Given below are two statements:
Statement I: When electric discharge is put on hydrogen, it emits discrete frequency in the electromagnetic spectrum.
Statement II: Frequency of He\(^+\) ion of 2\(^\text{nd}\) line of Balmer series is equal to first line of Lyman series.
In the light of the above statements, choose the correct option.

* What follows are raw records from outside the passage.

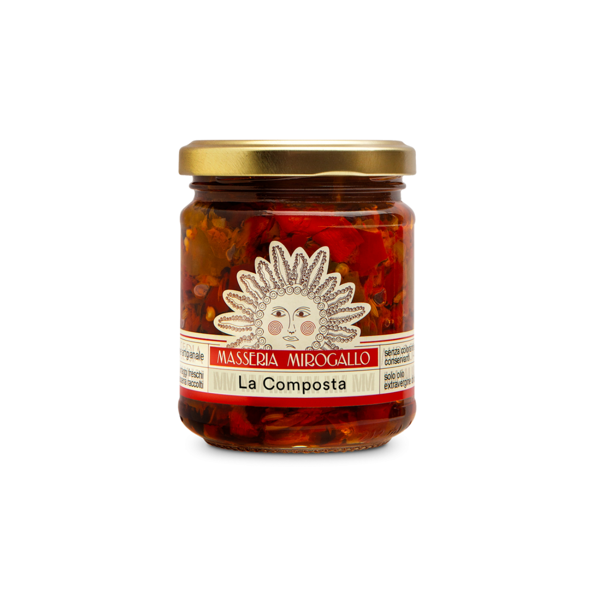 È una conserva artigianale e raffinata, ottenuta dalla lavorazione di peperoni freschi di alta qualità.
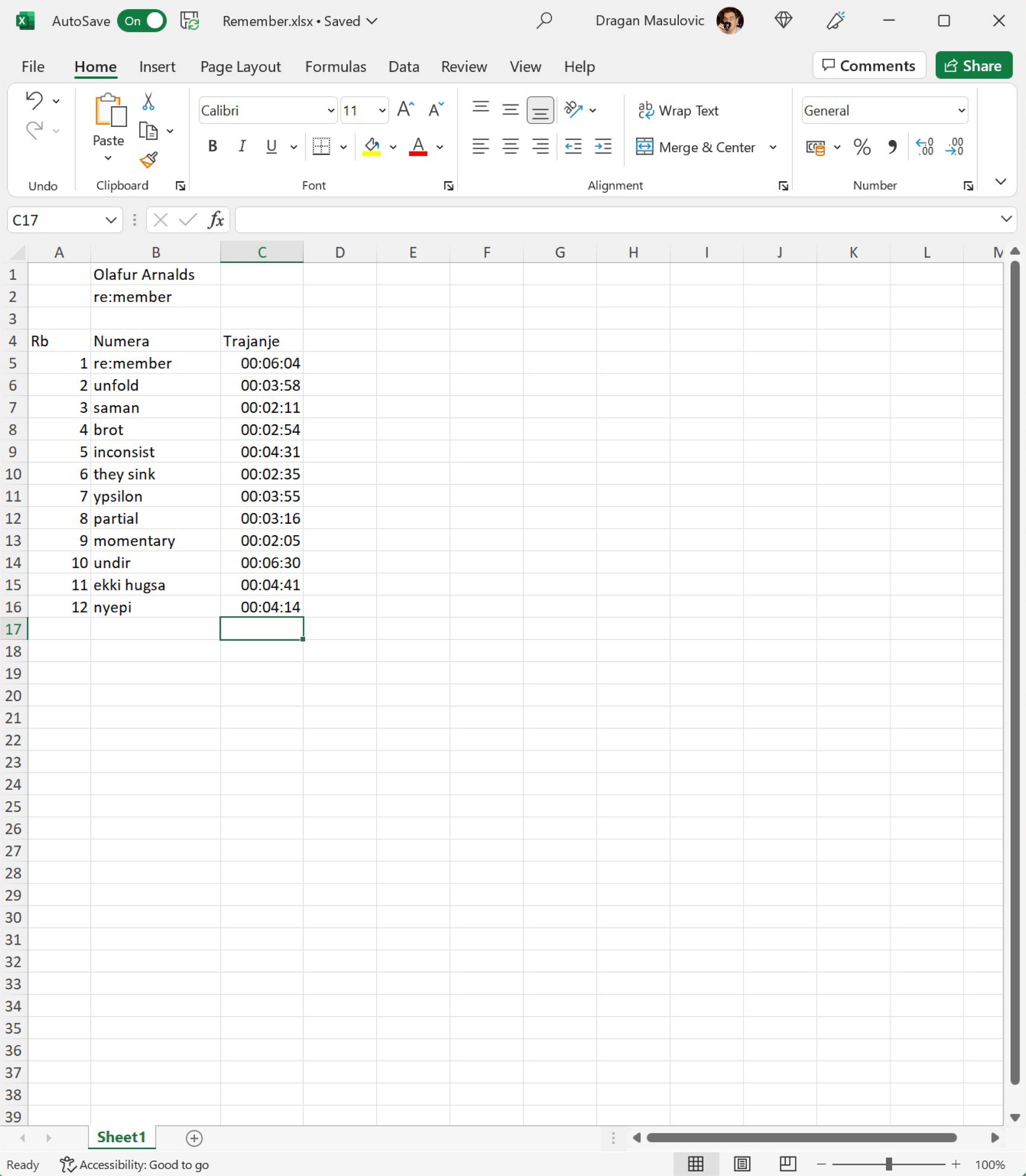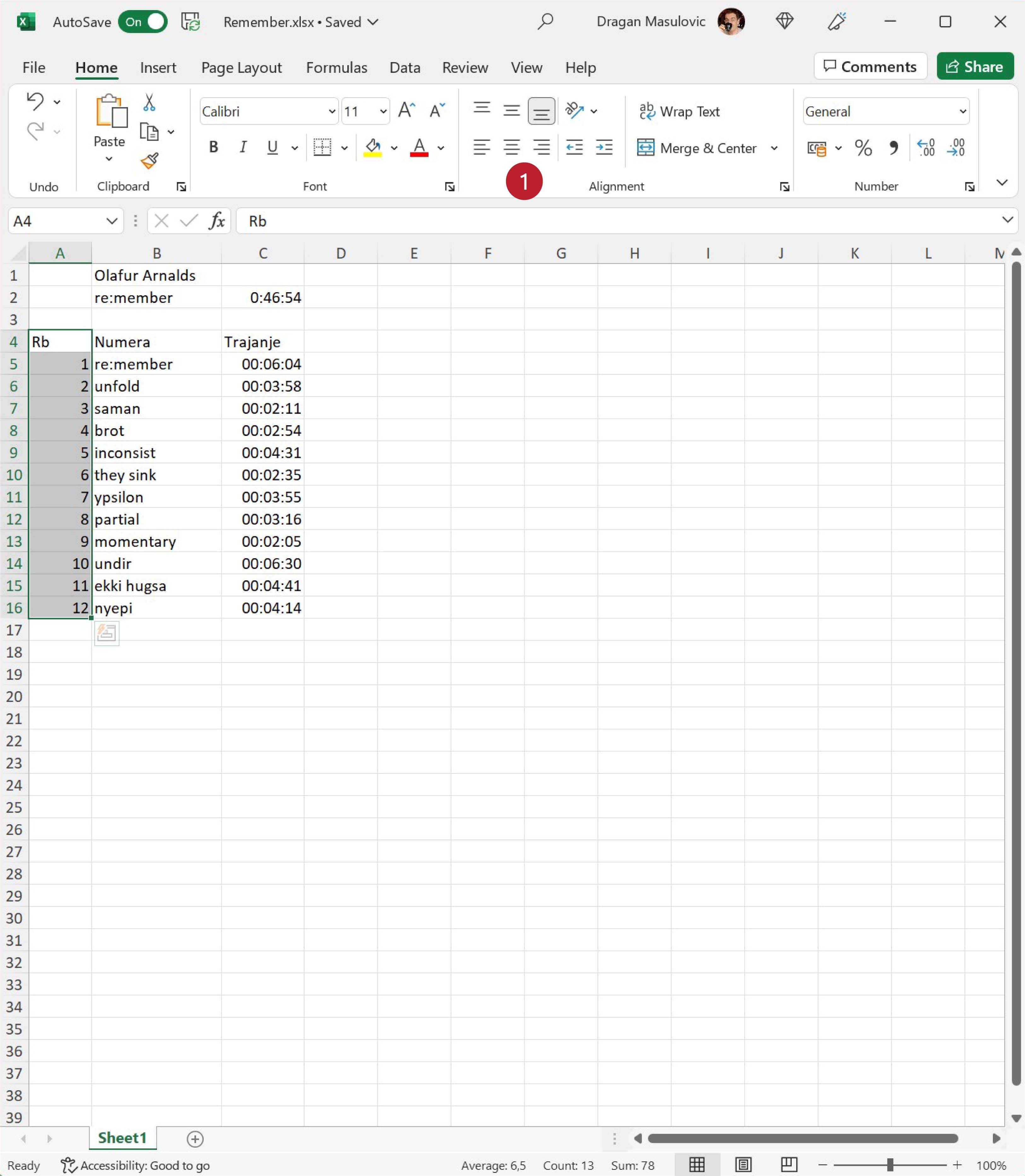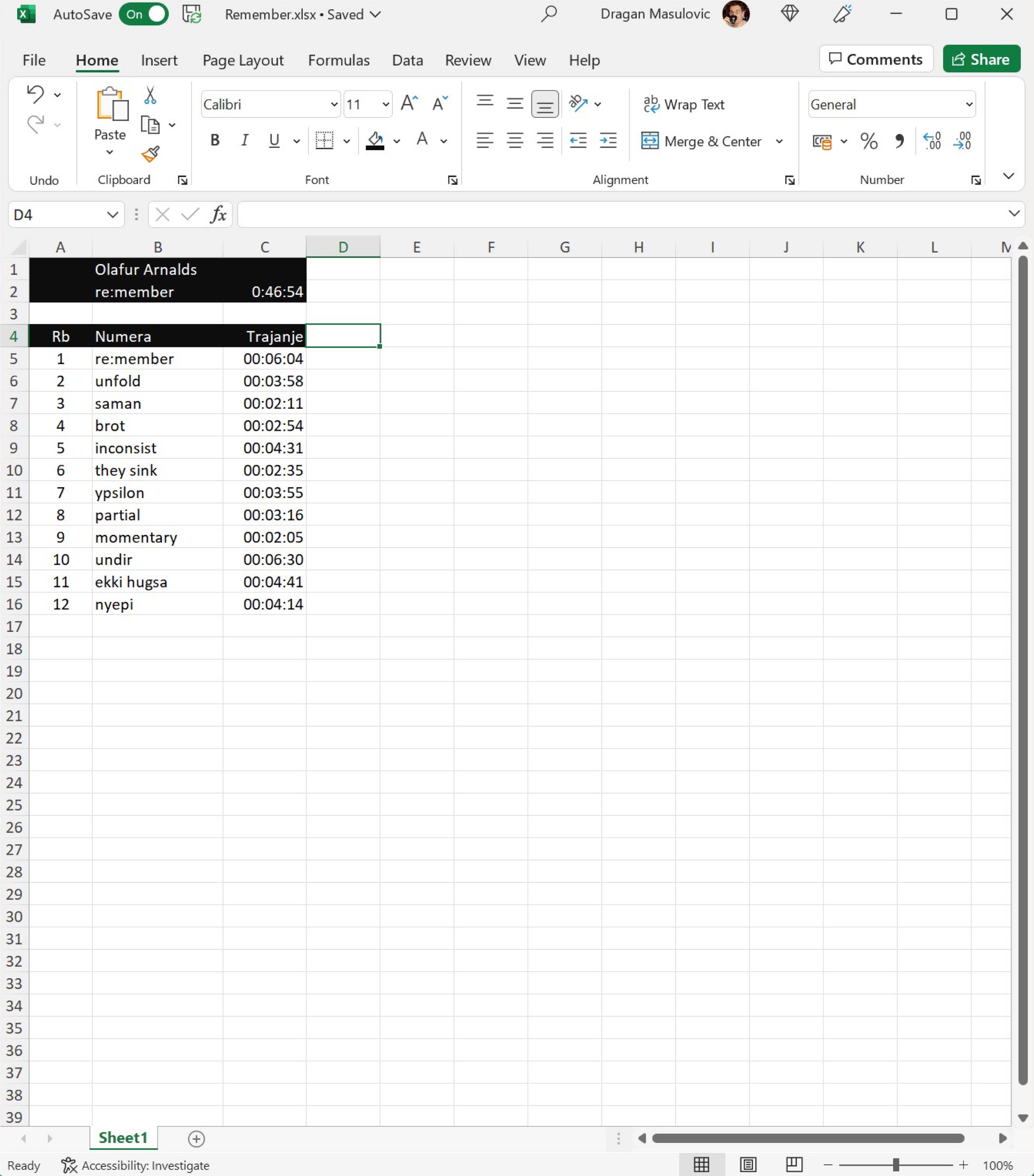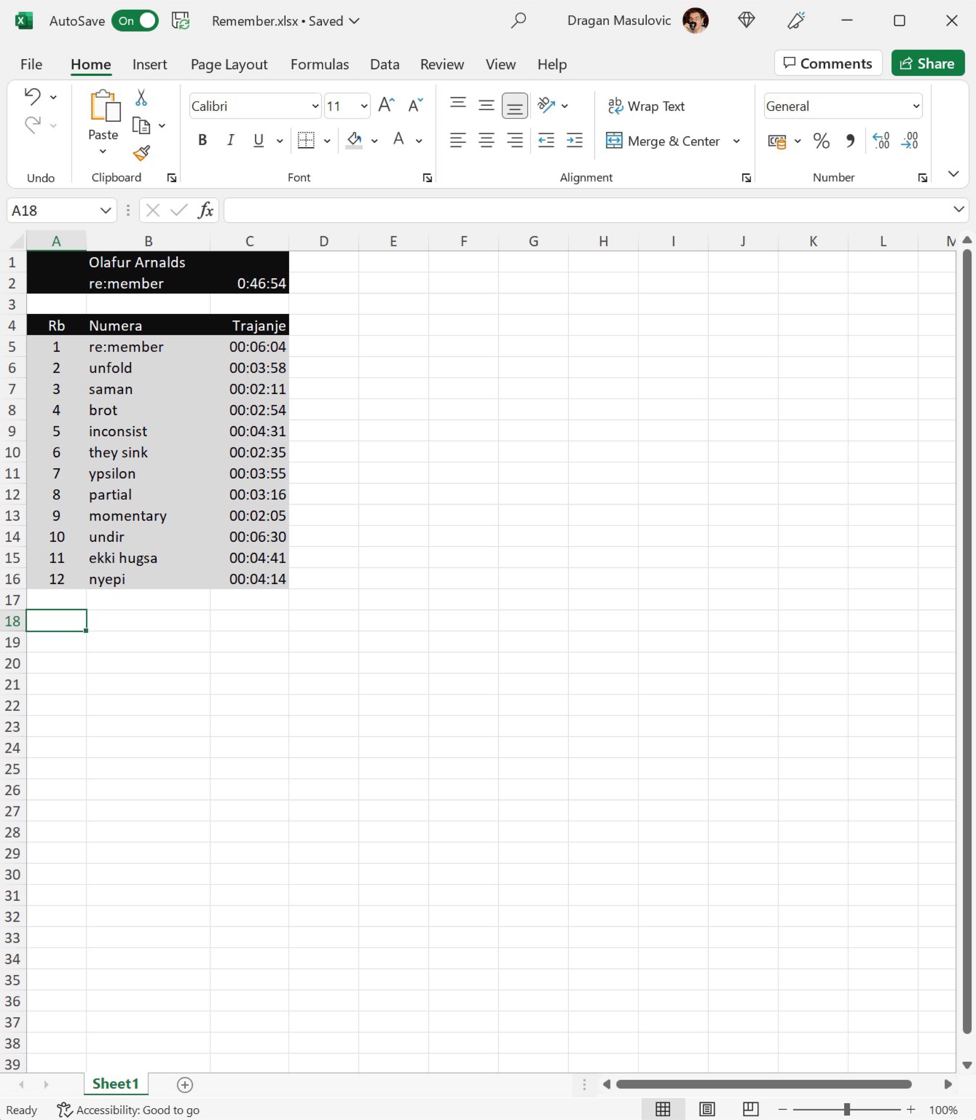Са следећег линка Remember.xlsx преузми датотеку која садржи имена нумера, покрени Ексел и учитај датотеку:
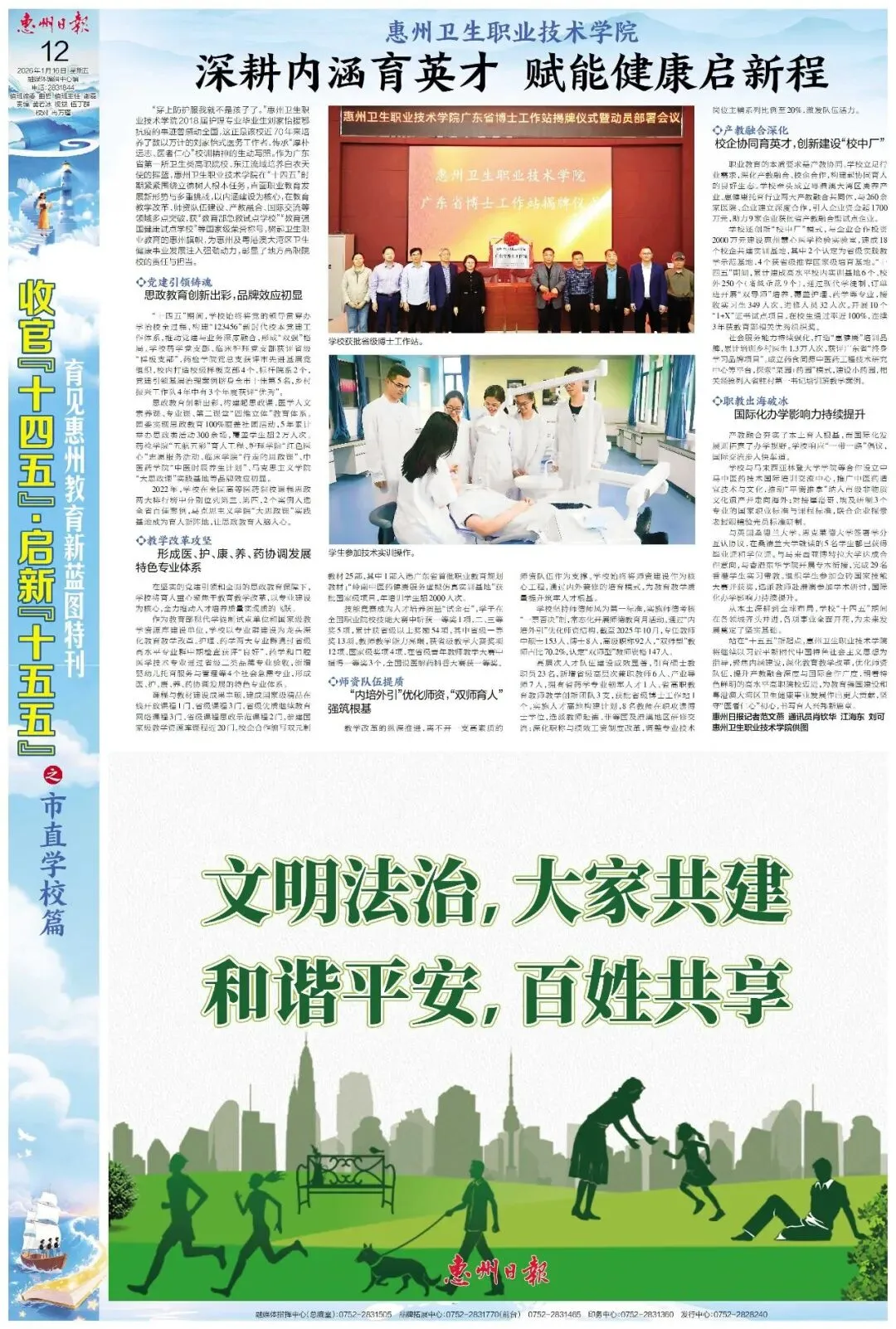 站在“十五五”新起点,惠州卫生职业技术学院将继续以习近平新时代中国特色社会主义思想为指导,聚焦内涵建设,深化教育教学改革,优化师资队伍,提升产教融合深度与国际合作广度,朝着特色鲜明的高水平高职院校迈进,为教育强国建设和粤港澳大湾区卫生健康事业发展作出更大贡献,坚守“医者仁心”初心,书写育人兴邦新篇章。
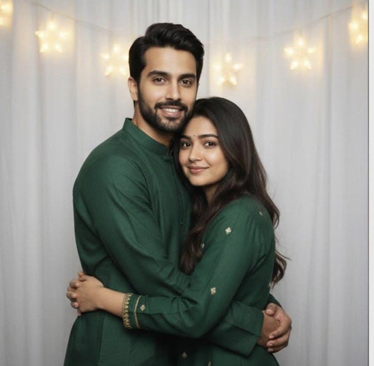 A hyper-realistic 8K cinematic DSLR double exposure portrait of a couple. Use the exact faces from the reference photo, do not alter their faces in any way. The primary close-up shows the couple forehead to forehead, eyes closed, in a soft romantic embrace. The man has a beard and wears a black patterned sherwani jacket, while the woman wears a black outfit with elegant bangles. Her hand rests on his chest, highlighting a wristwatch. The secondary exposure shows both of themstanding #couple
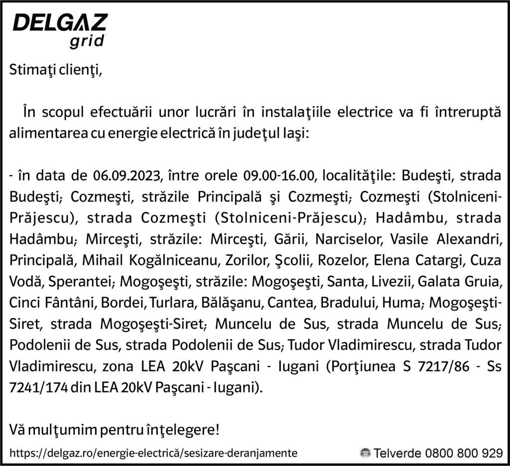 Anunțuri Delgaz gridAnunț Delgaz Grid 4 septembrie 2023 / 2 de RedacțiaSeptember 2, 2023September 2, 2023083 Share0
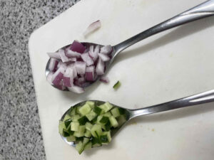 中に入れるものは、きゅうりや紫玉ねぎ、スパイス、ミントなどのハーブなどそのお店の個性があります。
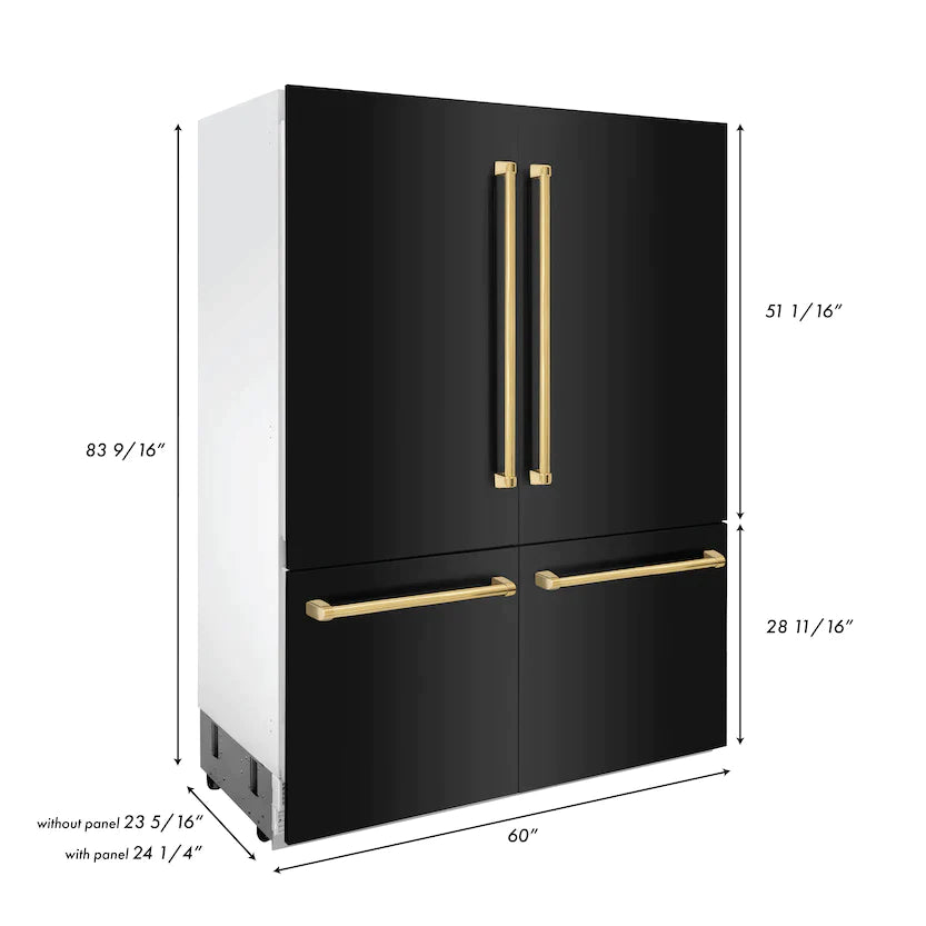 ZLINE 60" Autograph Edition 32.2 cu. ft. Built-in 4-Door French Door Refrigerator with Internal Water and Ice Dispenser in Black Stainless Steel with Gold Accents (RBIVZ-BS-60-G)

• A. Both statement I and statement II are correct.
• B. Both statement I and statement II are incorrect.
• C. Statement I is correct and statement II is incorrect.
• D. Statement I is incorrect and statement II is correct.

Hint:

The frequency of spectral lines can be derived from the Rydberg formula, where the difference in the inverse square of the integers determines the frequency of the emitted radiation.

Answer 1

The Correct Option is A

Let's analyze the two statements based on known physics concepts:

1. Statement I: "When electric discharge is put on hydrogen, it emits discrete frequency in the electromagnetic spectrum."
   • Hydrogen atoms emit light in discrete wavelengths (frequencies) when subjected to an electric discharge due to electron transitions between different energy levels in the atom.
   • This phenomenon is known as the emission spectrum of hydrogen, where each line corresponds to a specific electron transition.
   • The emitted lines form a series, such as the Lyman, Balmer, and Paschen series, each corresponding to electron transitions to a specific lower energy level (n = 1 for Lyman, n = 2 for Balmer, etc.).
   • Since the statement accurately describes the emission of discrete frequencies during electric discharge in hydrogen, Statement I is correct.
2. Statement II: "Frequency of He\(^+\) ion of 2\(^\text{nd}\) line of Balmer series is equal to first line of Lyman series."
   • The Bohr model equation for the frequency of emitted light is given by: \(f = R \left( \frac{1}{n_1^2} - \frac{1}{n_2^2} \right)Z^2\)
   • For hydrogen (\(Z = 1\)), the 1st line of the Lyman series (n₁ = 1, n₂ = 2): \(f_{\text{Lyman}} = R\left(\frac{1}{1^2} - \frac{1}{2^2}\right) = \frac{3R}{4}\)
   • For He\(^+\) ion (\(Z = 2\)) with the 2nd line of the Balmer series (n₁ = 2, n₂ = 4): \(f_{\text{Balmer}} = R\left(\frac{1}{2^2} - \frac{1}{4^2}\right) \cdot 2^2 = R\left(\frac{3}{16}\right) \cdot 4 = \frac{3R}{4}\)
   • Comparing both frequencies: \(f_{\text{Lyman}} = \frac{3R}{4} = f_{\text{Balmer}}\), thus they are equal.
   • Therefore, Statement II is also correct.

In conclusion, both Statement I and Statement II are correct.